Thermodynamics of the Formation and Vaporization of Melts in an Aluminum Telluride–Tellurium System

Abstract—The partial vapor pressure of tellurium over melts of an Al₂Te₃–Te system is calculated by multiplying the total pressures determined from the boiling points (isothermal variant) at 700–1200°C (973–1473 K) by the fraction of tellurium in the vapor phase. The partial pressure of the saturated vapor of aluminum telluride over melts of it with tellurium, and the partial and integral thermodynamic functions of the vaporization of aluminum telluride–tellurium melts, are calculated via numerical integration of the Gibbs–Duhem equation. It is found that the saturated vapor pressure of molten aluminum telluride corresponds to the dependence $\ln \,p_{{{\text{A}}{{{\text{l}}}_{2}}{\text{T}}{{{\text{e}}}_{3}}}}^{^\circ }[{\text{Pа}}] = 18.828 - 11\,865{{T}^{{ - 1}}}$. The thermodynamic functions of the formation of the Al₂Te₃–Te melts are calculated on the basis of the partial saturated vapor pressures of the components. The formation of alloys is accompanied by an increase in the degree of system disordering in the range of hypoeutectic Te concentrations with a maximum of 5.8 J/(mol K) around 74 at % Te, and by slight ordering in hypereutectic alloys (−1.3 J/(mol K)).

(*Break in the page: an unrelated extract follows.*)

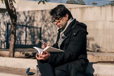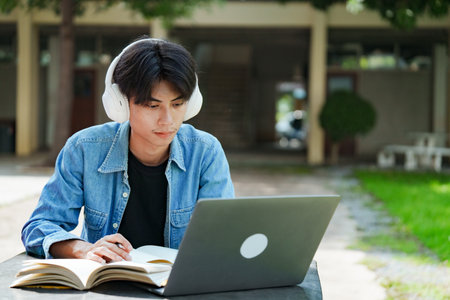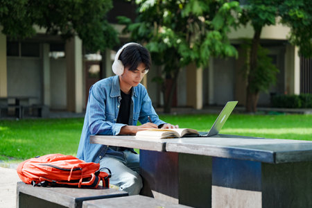A happy and handsome young Asian male college student is doing his homework or preparing for the exam in a campus park. Education concept

The formation of alloys based on Al₂Te₃ is accompanied by heat absorption with a maximum of +4.22 kJ/mol around 70 at % Te, and by an exothermic effect of −6.35 kJ/mol for tellurium-based melts around ~94 at % Te. The location of the boundaries of the regions of vapor–liquid equilibrium indicates the distillation separation of the Al₂Te₃–Te system into tellurium and aluminum telluride is impossible with only one operation of vacuum distillation, since rarefaction lowers the coefficient of separation of Al₂Te₃ and Te.